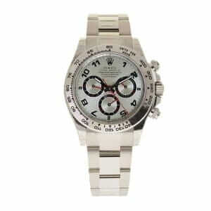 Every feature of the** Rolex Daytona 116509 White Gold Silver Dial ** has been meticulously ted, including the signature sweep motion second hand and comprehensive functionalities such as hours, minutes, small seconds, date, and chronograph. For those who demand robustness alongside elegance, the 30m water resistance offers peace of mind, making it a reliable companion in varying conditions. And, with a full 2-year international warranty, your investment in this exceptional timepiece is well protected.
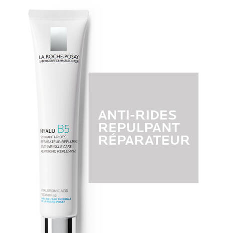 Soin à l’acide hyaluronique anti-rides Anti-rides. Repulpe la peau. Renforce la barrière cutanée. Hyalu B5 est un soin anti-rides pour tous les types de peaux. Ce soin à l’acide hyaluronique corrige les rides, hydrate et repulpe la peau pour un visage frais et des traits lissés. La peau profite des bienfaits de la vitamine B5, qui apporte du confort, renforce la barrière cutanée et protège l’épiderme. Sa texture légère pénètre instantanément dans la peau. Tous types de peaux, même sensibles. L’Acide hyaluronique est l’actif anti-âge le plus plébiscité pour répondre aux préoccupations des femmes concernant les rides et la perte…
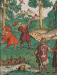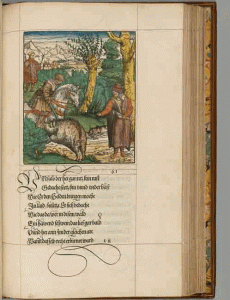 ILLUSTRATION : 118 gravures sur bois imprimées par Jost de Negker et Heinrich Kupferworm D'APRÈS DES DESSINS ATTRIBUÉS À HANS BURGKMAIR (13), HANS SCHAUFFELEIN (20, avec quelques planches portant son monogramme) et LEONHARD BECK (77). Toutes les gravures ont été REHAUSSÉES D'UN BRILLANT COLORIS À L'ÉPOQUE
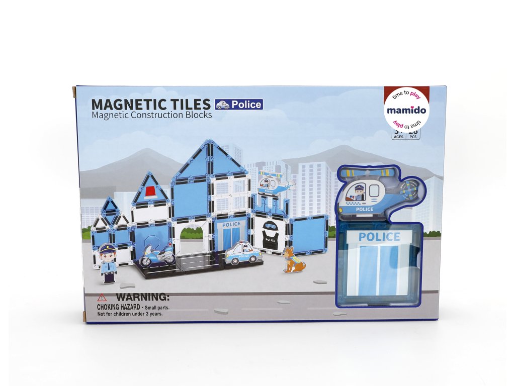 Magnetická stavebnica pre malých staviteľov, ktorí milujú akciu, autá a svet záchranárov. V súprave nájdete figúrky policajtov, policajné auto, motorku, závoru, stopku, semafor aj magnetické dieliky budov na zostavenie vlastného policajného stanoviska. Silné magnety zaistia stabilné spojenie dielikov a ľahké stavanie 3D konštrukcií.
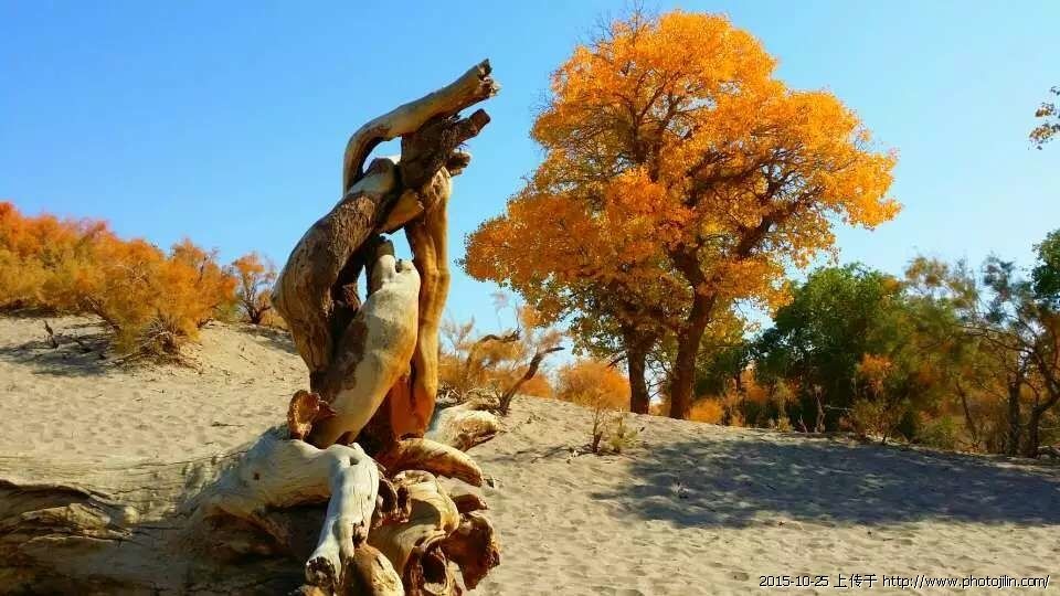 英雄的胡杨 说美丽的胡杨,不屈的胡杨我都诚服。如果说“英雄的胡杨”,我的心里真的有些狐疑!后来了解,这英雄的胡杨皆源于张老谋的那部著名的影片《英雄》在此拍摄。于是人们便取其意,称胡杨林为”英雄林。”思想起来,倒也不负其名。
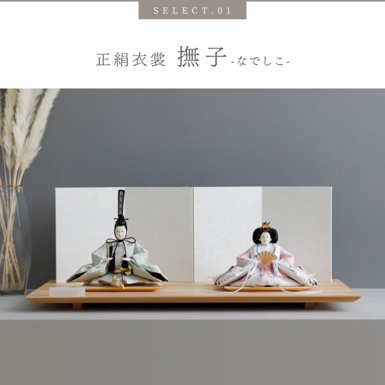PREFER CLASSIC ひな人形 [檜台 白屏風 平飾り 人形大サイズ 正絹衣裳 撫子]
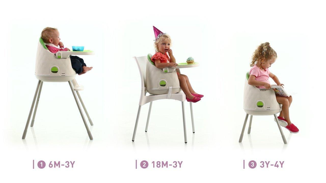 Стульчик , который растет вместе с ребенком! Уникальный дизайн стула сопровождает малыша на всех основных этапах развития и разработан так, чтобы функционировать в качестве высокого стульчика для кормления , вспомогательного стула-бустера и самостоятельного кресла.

· · ·

● **Assignment**
If an entry contains a picture, leave it out and repeat the rest exactly.

● **Answer box**
 Every feature of the** Rolex Daytona 116509 White Gold Silver Dial ** has been meticulously ted, including the signature sweep motion second hand and comprehensive functionalities such as hours, minutes, small seconds, date, and chronograph. For those who demand robustness alongside elegance, the 30m water resistance offers peace of mind, making it a reliable companion in varying conditions. And, with a full 2-year international warranty, your investment in this exceptional timepiece is well protected.
 Soin à l’acide hyaluronique anti-rides Anti-rides. Repulpe la peau. Renforce la barrière cutanée. Hyalu B5 est un soin anti-rides pour tous les types de peaux. Ce soin à l’acide hyaluronique corrige les rides, hydrate et repulpe la peau pour un visage frais et des traits lissés. La peau profite des bienfaits de la vitamine B5, qui apporte du confort, renforce la barrière cutanée et protège l’épiderme. Sa texture légère pénètre instantanément dans la peau. Tous types de peaux, même sensibles. L’Acide hyaluronique est l’actif anti-âge le plus plébiscité pour répondre aux préoccupations des femmes concernant les rides et la perte…
 ILLUSTRATION : 118 gravures sur bois imprimées par Jost de Negker et Heinrich Kupferworm D'APRÈS DES DESSINS ATTRIBUÉS À HANS BURGKMAIR (13), HANS SCHAUFFELEIN (20, avec quelques planches portant son monogramme) et LEONHARD BECK (77). Toutes les gravures ont été REHAUSSÉES D'UN BRILLANT COLORIS À L'ÉPOQUE
 Magnetická stavebnica pre malých staviteľov, ktorí milujú akciu, autá a svet záchranárov. V súprave nájdete figúrky policajtov, policajné auto, motorku, závoru, stopku, semafor aj magnetické dieliky budov na zostavenie vlastného policajného stanoviska. Silné magnety zaistia stabilné spojenie dielikov a ľahké stavanie 3D konštrukcií.
 英雄的胡杨 说美丽的胡杨,不屈的胡杨我都诚服。如果说“英雄的胡杨”,我的心里真的有些狐疑!后来了解,这英雄的胡杨皆源于张老谋的那部著名的影片《英雄》在此拍摄。于是人们便取其意,称胡杨林为”英雄林。”思想起来,倒也不负其名。
PREFER CLASSIC ひな人形 [檜台 白屏風 平飾り 人形大サイズ 正絹衣裳 撫子]
 Стульчик , который растет вместе с ребенком! Уникальный дизайн стула сопровождает малыша на всех основных этапах развития и разработан так, чтобы функционировать в качестве высокого стульчика для кормления , вспомогательного стула-бустера и самостоятельного кресла.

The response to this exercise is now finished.